**What is expected:** The answer must be only the lines below from the one holding "Der Abstand zwischen" down to the one holding "This souvenir jug", ends included, printed exactly; please omit all pictures.

**Records for processing:**
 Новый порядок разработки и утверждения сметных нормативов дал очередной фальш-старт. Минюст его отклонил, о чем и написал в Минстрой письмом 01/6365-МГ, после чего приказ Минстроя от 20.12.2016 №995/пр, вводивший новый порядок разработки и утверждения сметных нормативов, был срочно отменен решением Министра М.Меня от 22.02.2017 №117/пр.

---

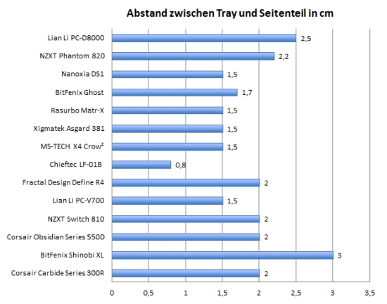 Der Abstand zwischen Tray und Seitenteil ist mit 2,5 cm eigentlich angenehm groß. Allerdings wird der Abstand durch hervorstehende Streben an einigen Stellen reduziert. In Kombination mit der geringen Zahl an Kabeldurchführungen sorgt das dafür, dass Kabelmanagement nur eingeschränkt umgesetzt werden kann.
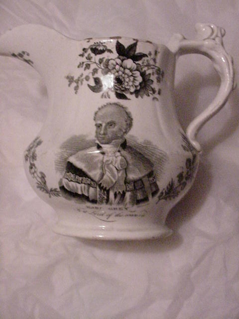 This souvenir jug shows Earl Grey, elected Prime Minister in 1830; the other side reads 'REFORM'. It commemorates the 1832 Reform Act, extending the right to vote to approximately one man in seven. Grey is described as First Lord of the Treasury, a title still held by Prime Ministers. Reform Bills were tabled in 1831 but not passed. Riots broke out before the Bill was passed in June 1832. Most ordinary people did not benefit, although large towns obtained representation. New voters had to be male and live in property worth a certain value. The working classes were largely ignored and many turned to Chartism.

**Output:**
 Der Abstand zwischen Tray und Seitenteil ist mit 2,5 cm eigentlich angenehm groß. Allerdings wird der Abstand durch hervorstehende Streben an einigen Stellen reduziert. In Kombination mit der geringen Zahl an Kabeldurchführungen sorgt das dafür, dass Kabelmanagement nur eingeschränkt umgesetzt werden kann.
 This souvenir jug shows Earl Grey, elected Prime Minister in 1830; the other side reads 'REFORM'. It commemorates the 1832 Reform Act, extending the right to vote to approximately one man in seven. Grey is described as First Lord of the Treasury, a title still held by Prime Ministers. Reform Bills were tabled in 1831 but not passed. Riots broke out before the Bill was passed in June 1832. Most ordinary people did not benefit, although large towns obtained representation. New voters had to be male and live in property worth a certain value. The working classes were largely ignored and many turned to Chartism.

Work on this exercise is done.